The Sunday Night Endeavour Club: Live Stream of the Endeavour Pilot Episode on Twitch, SUNDAY 10th January 2021; 8pm BST. Watch and Chat.


Hello fellow Morsonians, Lewisians and Endeavourists. I hope you and your families are well physically as well as mentally.

Here we are at the first of the Endeavour episode streams. Over the next few months I will be streaming all 30 episodes.

Remember you don’t have to join Twitch to watch but you do have to join to chat.

I have updated the times below in correspondence to the clocks going back for the USA, Canada and elsewhere.

Join me and many others at

I hope to see many of you there. Bring your favourite drink and snack.

VERY IMPORTANT: For all those outside the UK you should be aware that on Sunday the UK BST will end and we will be on GMT. This means that the clocks went back one hour. I will adjust the times on Sunday.

Thank you Nate for the updates regarding times below.

Hopefully the times I have below are accurate.
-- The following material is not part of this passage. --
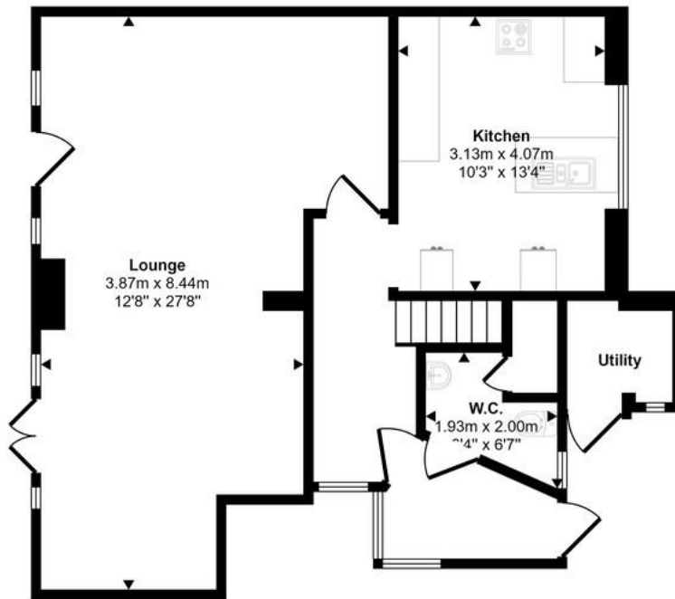
Ground Floor Approx 66 sq m / 712 sq ft

Approx Gross Internal Area 117 sq m / 1264 sq ft

If not, let me know.

For the USA:

8pm in the UK is 3pm in New York.

8pm in the UK is 2pm in Chicago.

8pm in the UK is Midday in California.

8pm in the UK is 11am in Alaska

8pm in the UK is 10am in Hawaii.

8pm in the UK is 1pm in Phoenix

For elsewhere the times are;

Canadian Time Zones.

8pm in the UK is 4.30pm in Newfoundland Daylight Time.
8pm in the UK is 4pm in Atlantic Daylight Time, Halifax, NS, Canada.
8pm in the UK is 2pm Central Daylight Time, Winnipeg.
8pm in the UK is 2pm in Central Standard Time, Regina.
8pm in the UK is 1pm Mountain Daylight Time, Edmonton.
8pm in the UK is Midday in Pacific Daylight Time, Vancouver.


8pm in the UK is 9pm in Italy.

South America.

8pm in the UK is 5pm in Argentina and Chile.
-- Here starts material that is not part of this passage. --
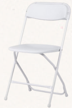
White folding chairs (6x)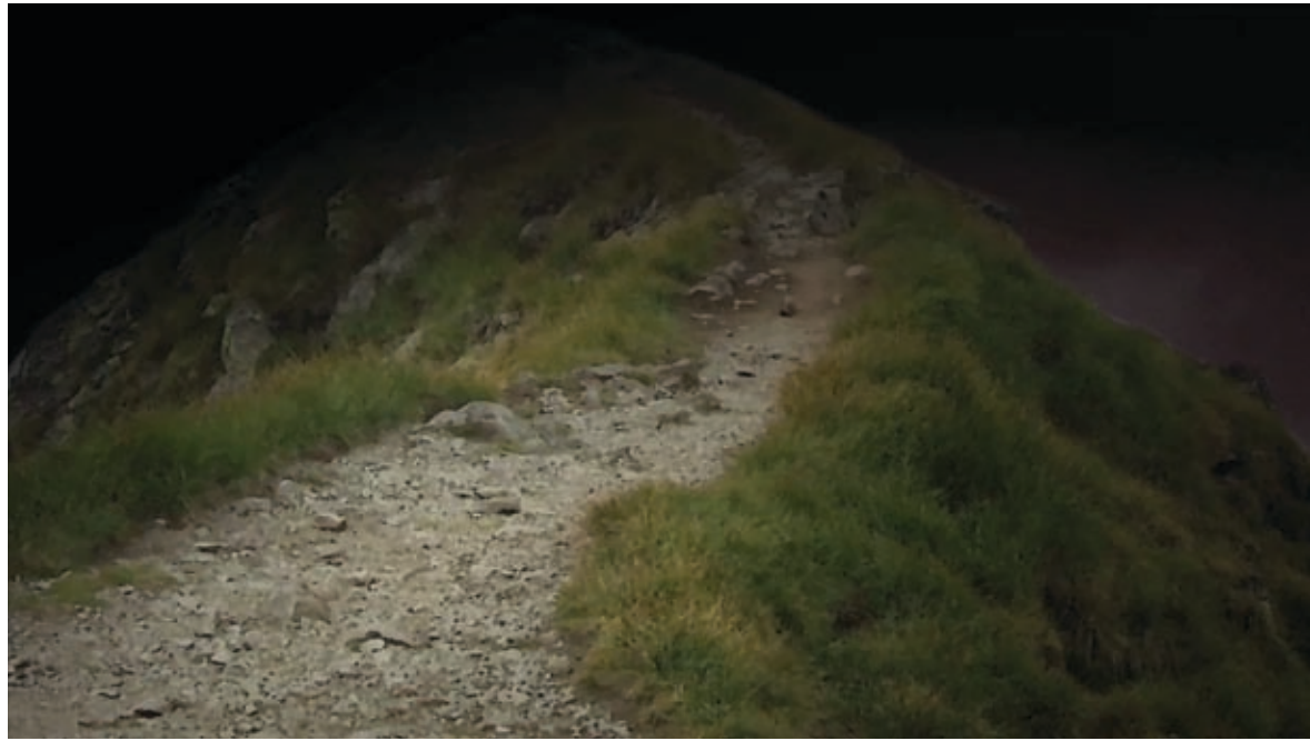
MOVIE: What the disciples saw on Mount Tabor

If there are other time zones you think I should add please let me know.

Hope all this helps.

You don’t have to join Twitch to watch but if you do join (it’s free) it has only the minimal amount of signing up protocol to go through and this will allow you to chat to me and everybody else.

Not only can you enjoy watching the episode but you can chat (via text box) with other Endeavour fans. Some people who have watched the episodes on the live stream have said that they have not only learned more about the episodes but come to appreciate episodes they had previously disliked.

Please join me and many others to watch this great episode on the social media platform, (one of the biggest in the world) TWITCH and watch the episode on a live stream. Twitch is FREE to join and FREE to watch.

For those not in the know in regard to Twitch, when I write ‘watch and chat’ the chat is via a text window so there is no actual talking over the episode.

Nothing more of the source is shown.